Input records »
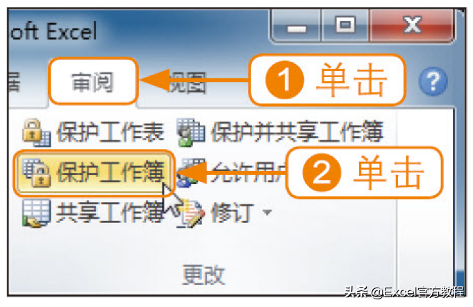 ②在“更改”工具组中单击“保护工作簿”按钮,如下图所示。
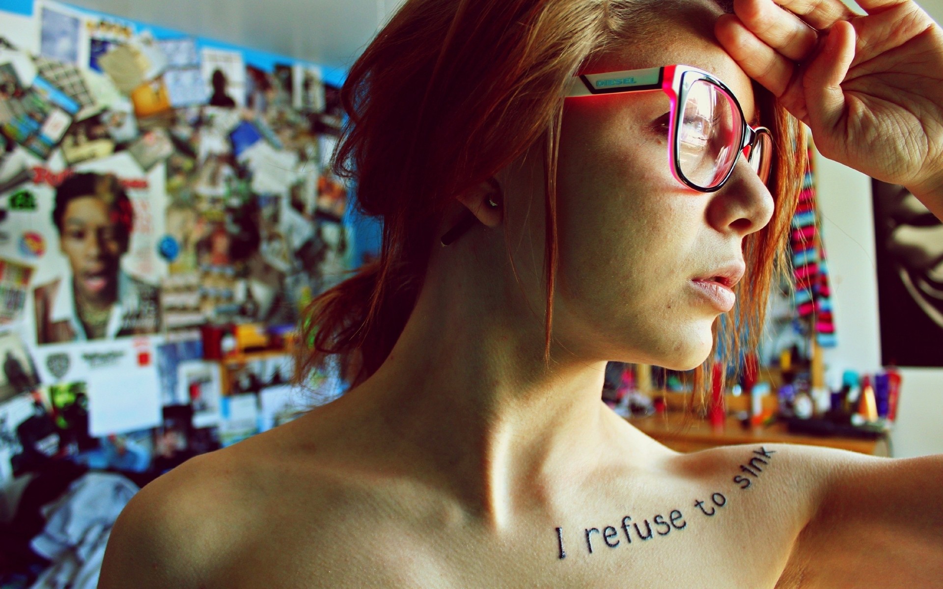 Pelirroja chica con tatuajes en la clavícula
* * *
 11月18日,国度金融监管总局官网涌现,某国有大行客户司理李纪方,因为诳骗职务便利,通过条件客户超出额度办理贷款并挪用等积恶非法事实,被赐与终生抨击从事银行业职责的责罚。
...
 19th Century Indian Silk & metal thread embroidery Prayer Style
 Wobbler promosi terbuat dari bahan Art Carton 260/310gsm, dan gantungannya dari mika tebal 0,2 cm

Work request »
Print, from the entries above, the line with "19th Century Indian", the line with "Wobbler promosi terbuat" and all lines between them, exactly and with nothing else.

Written solution »
 19th Century Indian Silk & metal thread embroidery Prayer Style
 Wobbler promosi terbuat dari bahan Art Carton 260/310gsm, dan gantungannya dari mika tebal 0,2 cm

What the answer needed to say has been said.